The problem >> The answer must consist only of the lines in the records below from the line with "23.- Un cuerpo" to the line with "Când au prezentat", both included, copied word for word with every picture left out.

Supplied material >>
+++
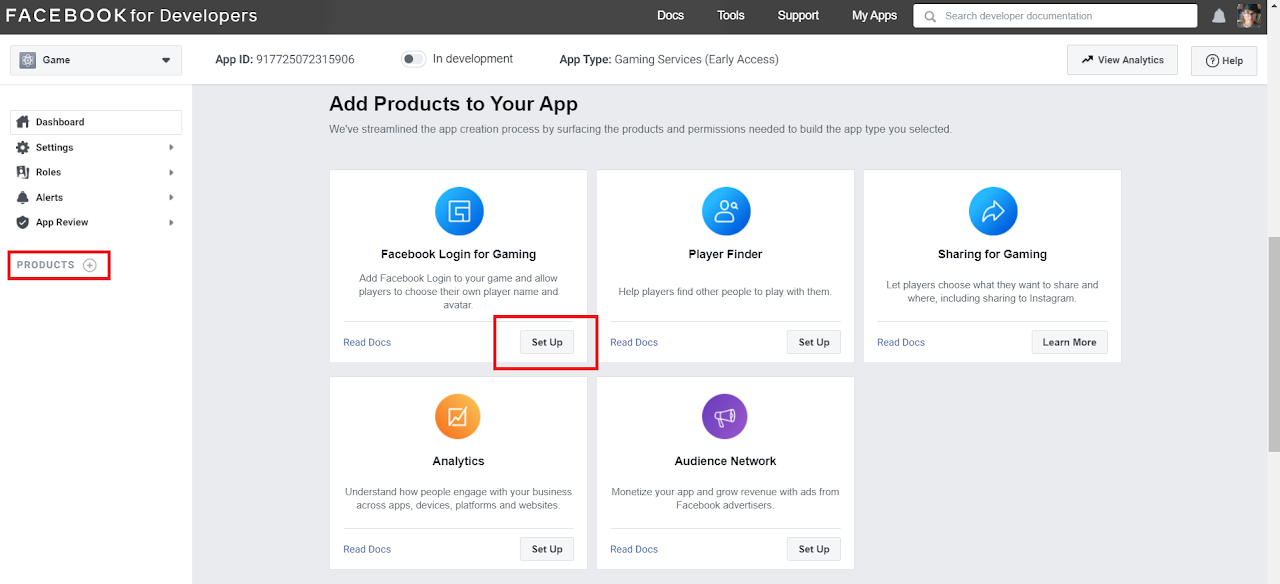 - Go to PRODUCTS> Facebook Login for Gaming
+++
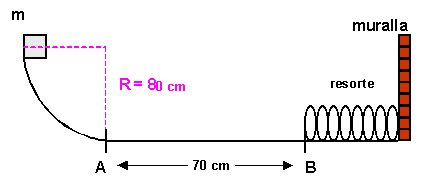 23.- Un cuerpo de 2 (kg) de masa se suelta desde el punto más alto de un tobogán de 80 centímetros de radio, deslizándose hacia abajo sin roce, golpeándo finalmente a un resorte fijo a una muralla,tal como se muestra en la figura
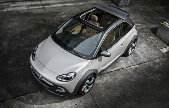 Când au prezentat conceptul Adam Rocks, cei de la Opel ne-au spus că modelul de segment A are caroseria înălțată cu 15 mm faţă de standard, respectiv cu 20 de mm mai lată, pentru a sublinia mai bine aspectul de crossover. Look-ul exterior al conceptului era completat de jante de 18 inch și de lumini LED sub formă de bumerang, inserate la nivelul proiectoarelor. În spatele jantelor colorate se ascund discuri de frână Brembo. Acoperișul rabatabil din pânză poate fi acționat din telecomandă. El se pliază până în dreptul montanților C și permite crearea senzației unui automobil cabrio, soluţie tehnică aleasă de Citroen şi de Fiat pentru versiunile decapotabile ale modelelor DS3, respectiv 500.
+++
Result >>
 23.- Un cuerpo de 2 (kg) de masa se suelta desde el punto más alto de un tobogán de 80 centímetros de radio, deslizándose hacia abajo sin roce, golpeándo finalmente a un resorte fijo a una muralla,tal como se muestra en la figura
 Când au prezentat conceptul Adam Rocks, cei de la Opel ne-au spus că modelul de segment A are caroseria înălțată cu 15 mm faţă de standard, respectiv cu 20 de mm mai lată, pentru a sublinia mai bine aspectul de crossover. Look-ul exterior al conceptului era completat de jante de 18 inch și de lumini LED sub formă de bumerang, inserate la nivelul proiectoarelor. În spatele jantelor colorate se ascund discuri de frână Brembo. Acoperișul rabatabil din pânză poate fi acționat din telecomandă. El se pliază până în dreptul montanților C și permite crearea senzației unui automobil cabrio, soluţie tehnică aleasă de Citroen şi de Fiat pentru versiunile decapotabile ale modelelor DS3, respectiv 500.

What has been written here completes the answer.